Uncertainty in global economies will lead to the ‘Big Five’ European countries recapturing investment market share in 2009, says new research by Jones Lang LaSalle.

France, Germany, Italy , Spain and the UK have seen their market share of the total European retail investment volume trade slump from 80% in 2004 to 45% in 2008, said the research released at MAPIC, the international retail conference, in Cannes.

‘Investors are now focusing on real estate with strong defensive qualities and are increasingly considering fundamentals such as market, location, scale, tenant covenant, merchandising and quality, and we believe that shopping centres in the more mature and larger western European economies offer these qualities,’ said Neville Moss, Jones Lang LaSalle’s head of European retail research.

The research also said that the restrictive planning regimes in the ‘Big Five’ meant they have been defended from over supply.
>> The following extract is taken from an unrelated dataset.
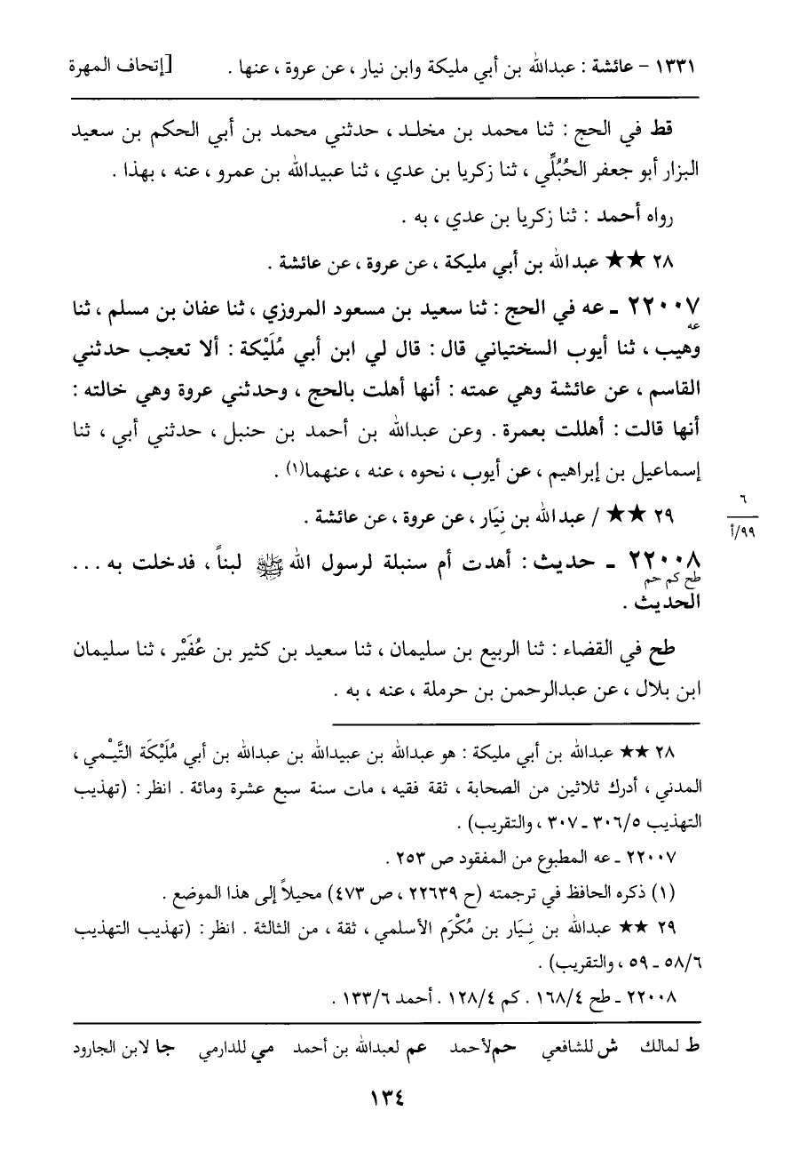 22007 - عه في الحج (عه) : ثنا سعيد بن مسعود المروزي، ثنا عفان بن مسلم، ثنا وهيب، ثنا أيوب السختياني قال: قال لي ابن أبي مُلَيْكة: ألا تعجب حدثني القاسم، عن عائشة وهي عمته: أنها أهلت بالحج، وحدثني عروة وهي خالته: أنها قالت: أهللت بعمرة. وعن عبد الله بن أحمد بن حنبل، حدثني أبي، ثنا إسماعيل بن إبراهيم، عن أيوب، نحوه، عنه، عنهما.

‘The aggressive investment market seen between 2003 and 2007 resulted in the convergence and homogenisation of yields across Europe as an ever-increasing weight of capital drove down returns in mature markets and investors sought new geographies to meet their requirements,’ said Jeremy Eddy, head of European retail capital markets.

‘This yield convergence was witnessed across sub-sectors as the market failed to adequately price the differing risk profile of prime and secondary retail product.

‘We therefore expect to see a return to polarisation of yields across both geographies and indeed sub-sectors and risk profiles.’